Provided data:
########
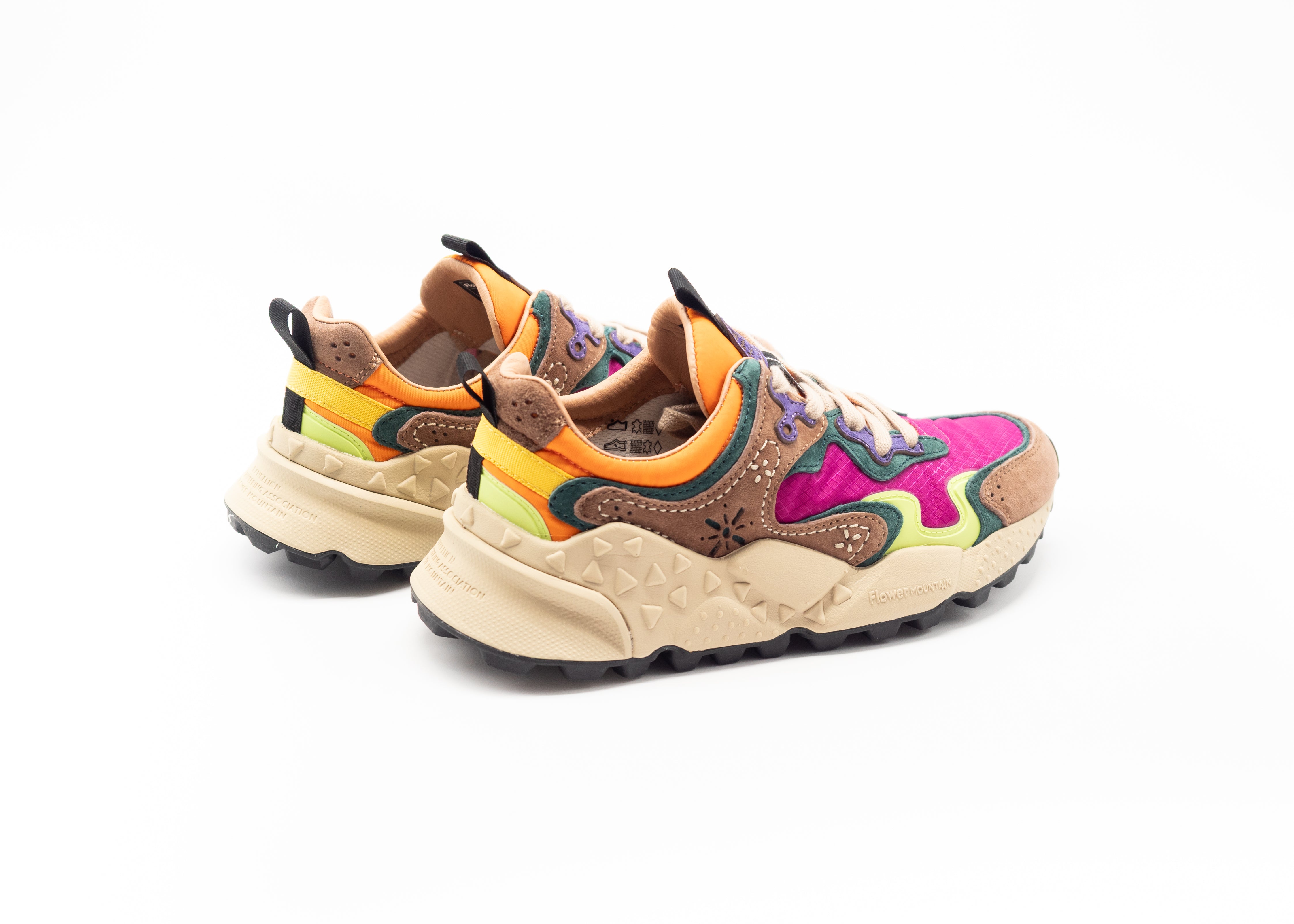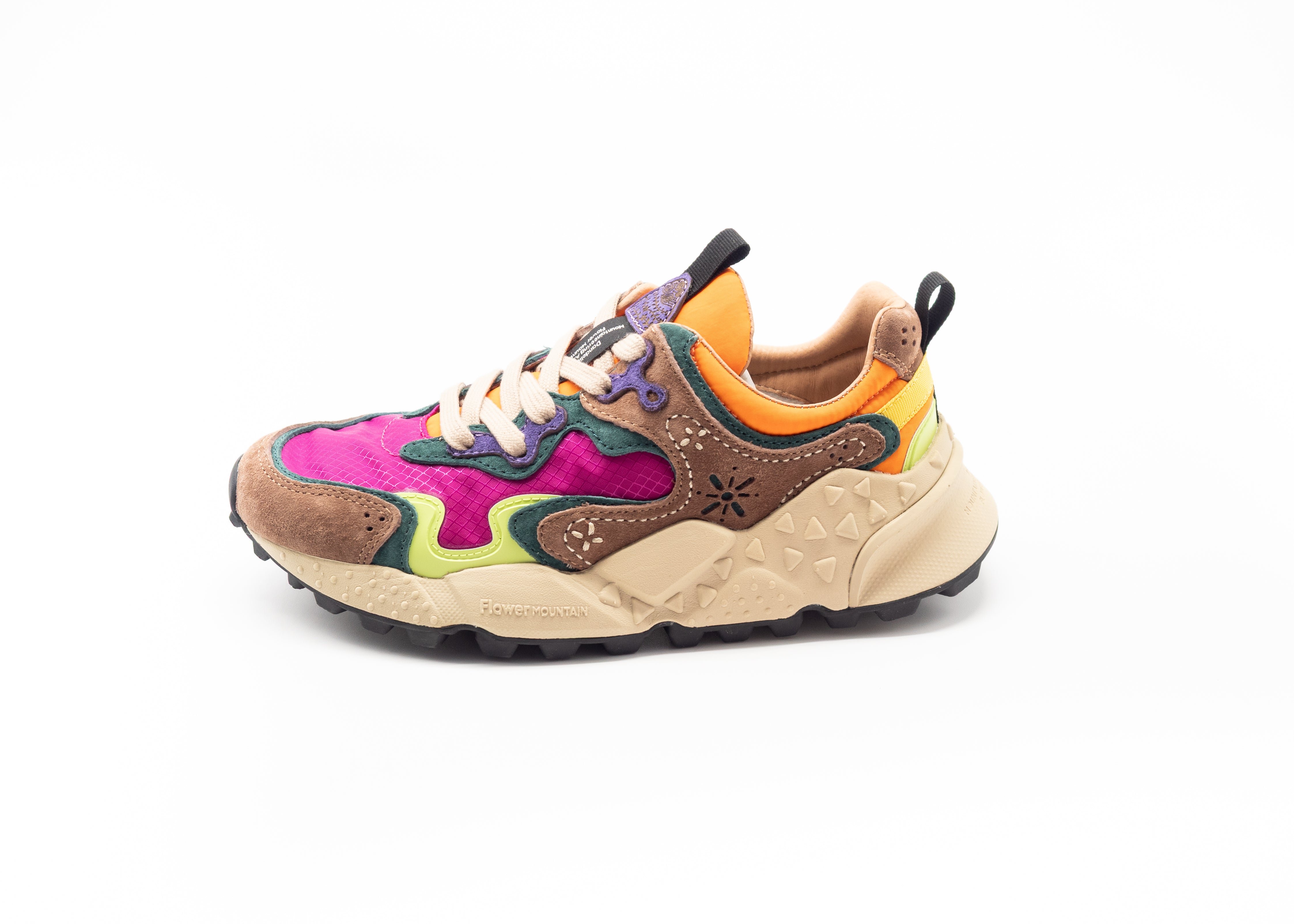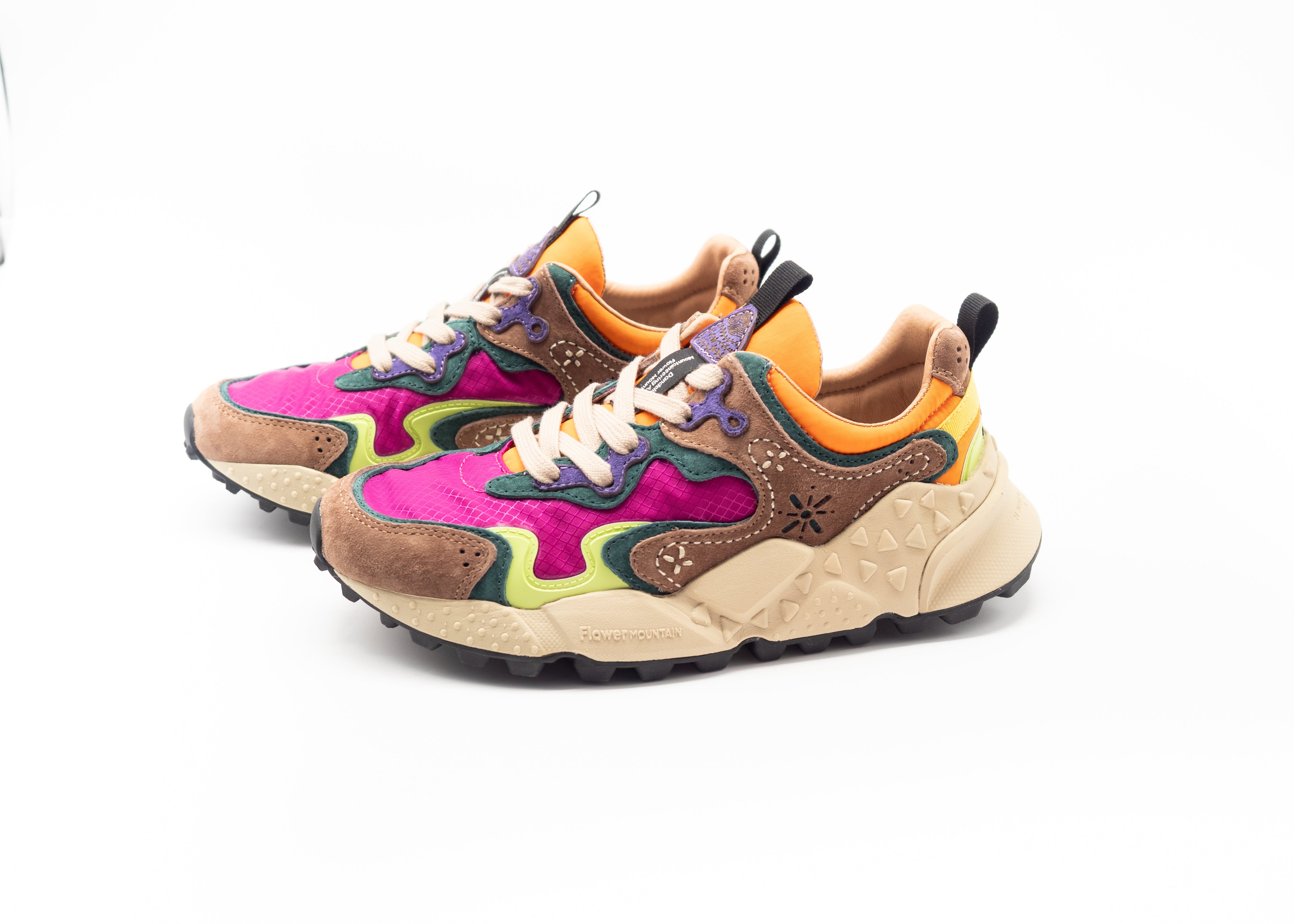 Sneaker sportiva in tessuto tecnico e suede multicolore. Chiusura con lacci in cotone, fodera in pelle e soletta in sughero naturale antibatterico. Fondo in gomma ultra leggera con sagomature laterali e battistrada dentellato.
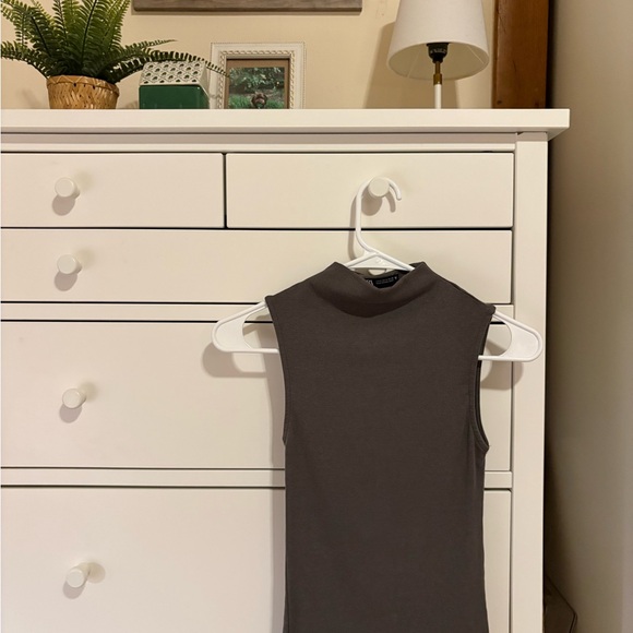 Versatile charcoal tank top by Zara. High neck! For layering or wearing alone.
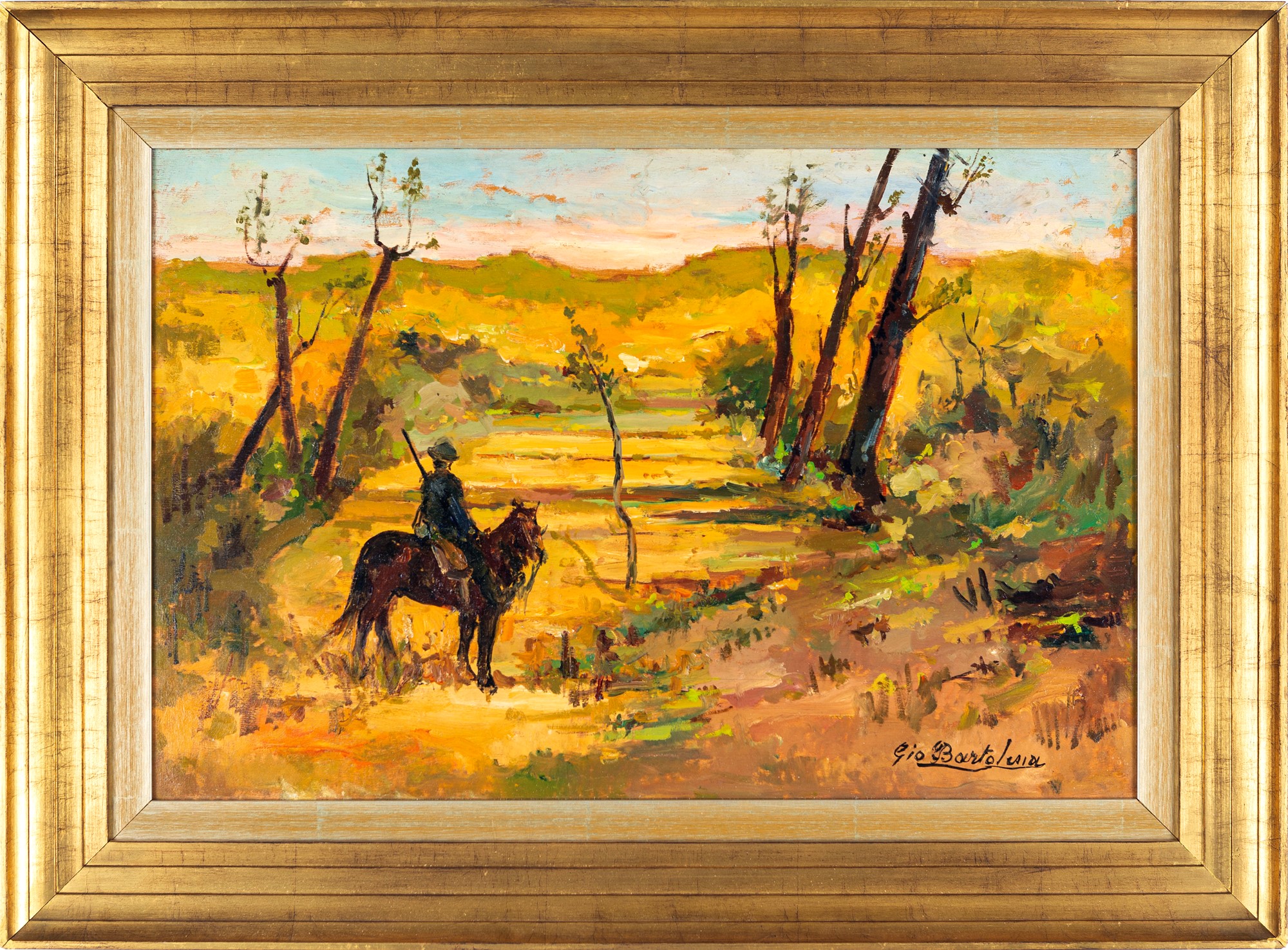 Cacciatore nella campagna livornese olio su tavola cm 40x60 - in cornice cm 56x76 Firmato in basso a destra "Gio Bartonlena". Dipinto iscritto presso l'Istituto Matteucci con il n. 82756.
########
Work order:
Write out exactly the lines from the line that contains "Versatile charcoal tank" through the end of the material, including both ends. No pictures belong in the copy.

Your response:
 Versatile charcoal tank top by Zara. High neck! For layering or wearing alone.
 Cacciatore nella campagna livornese olio su tavola cm 40x60 - in cornice cm 56x76 Firmato in basso a destra "Gio Bartonlena". Dipinto iscritto presso l'Istituto Matteucci con il n. 82756.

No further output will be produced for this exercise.